= Gaja Alaga =

Croatian physicist

Gaja Alaga (3 July 1924 – 7 September 1988) was a Croatian theoretical physicist who specialised in nuclear physics.

He was born in noble family of Bunjevac origin in the village of Lemeš (today called Svetozar Miletić) in northwestern Bačka in Kingdom of SHS (today in autonomous province Vojvodina, Serbia).

He was a corresponding member of the Croatian Academy of Sciences and Arts since 1968 and a professor at the University of Zagreb Faculty of Science (Prirodoslovno-matematički fakultet). He worked in the Ruđer Bošković Institute in Zagreb (the capital city of Croatia), the Niels Bohr Institute in Copenhagen, the University of California, Berkeley, and LMU Munich.
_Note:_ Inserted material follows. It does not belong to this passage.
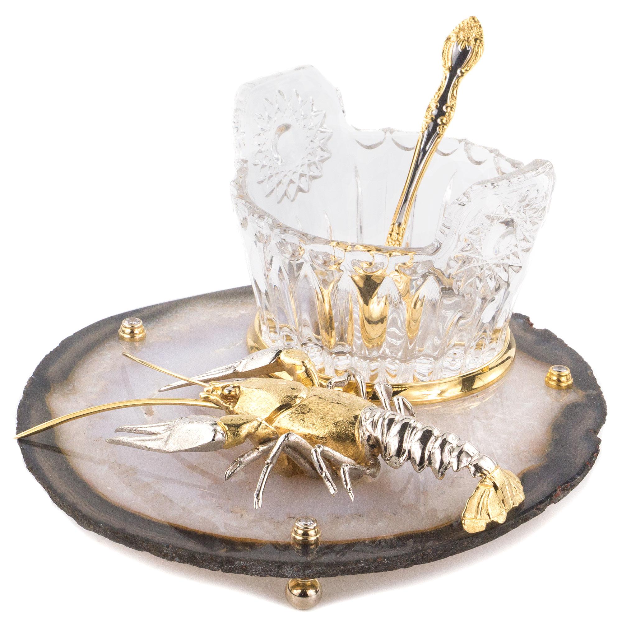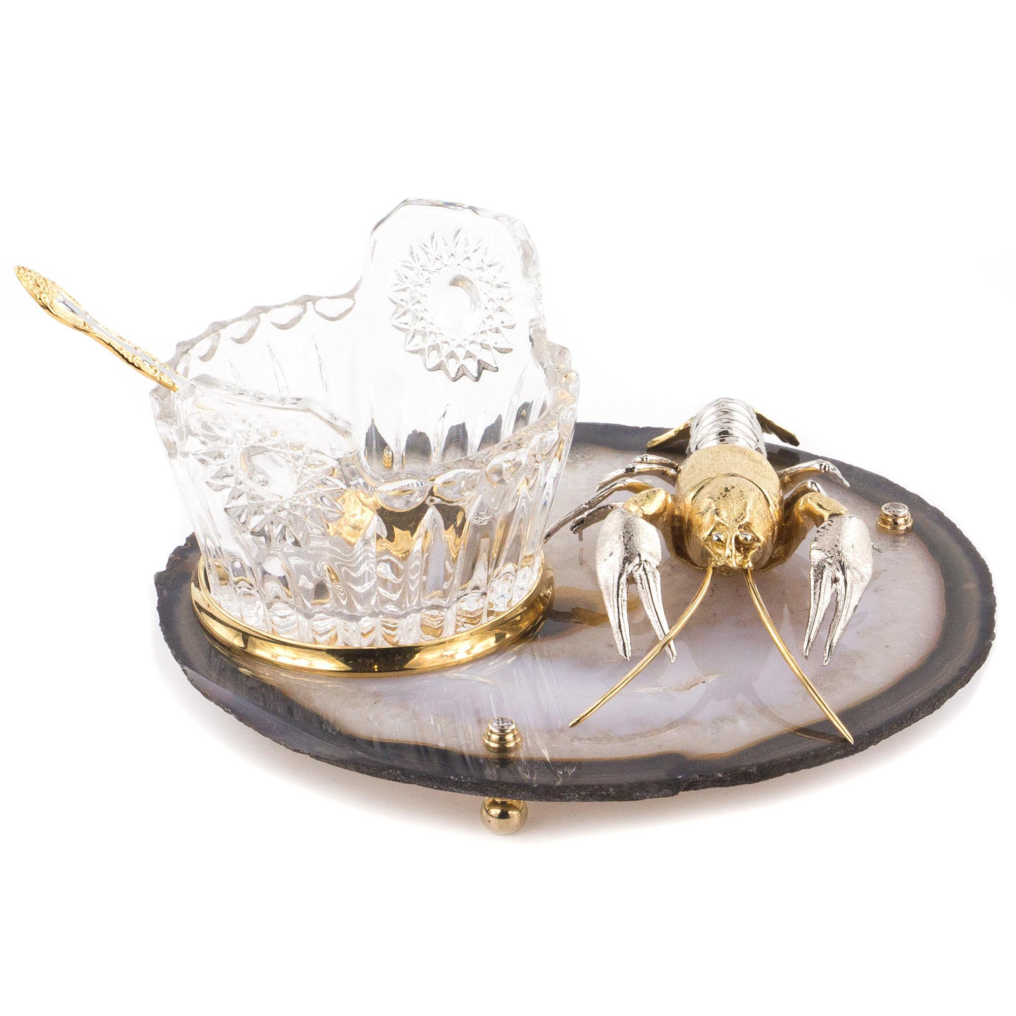 Икорница рак агат бронза позолота 175х160х95 мм 2300 гр.. Вес 2300 г Размер 17,5х16х9,5 см Материал агат, бронза, никель, покрытие золотом (999,9).

In 1955, cooperating with Kurt Alder and Ben Roy Mottelson, Alaga discovered the K-selection rules and intensity rules for beta and gamma transitions in deformed atom nuclei. This discovery was key to the development of new nuclei models which confirmed that subatomic particles can distort the shape of the nucleus. This is by the model for collective motion (based on nuclei deformed from a spherical shape, but with axial symmetry) for which Aage Bohr, Ben Roy Mottelson, and James Rainwater won the 1975 Nobel Prize.

Also in 1955 (the journal Physical Review) and in 1957 (the journal "Nuclear Physics") he discovered asymptotic selection rules for beta and gamma transitions between states of deformed nuclei. The so-called Alaga rules are in common use among specialists in nuclear structure, in comparing theoretical transition rates with measurements.

He was the editor of the scientific magazine Fizika from 1978 until he died in 1988.

He died in Zagreb in 1988. Today, a street in the Trnje city district of Zagreb bears his name.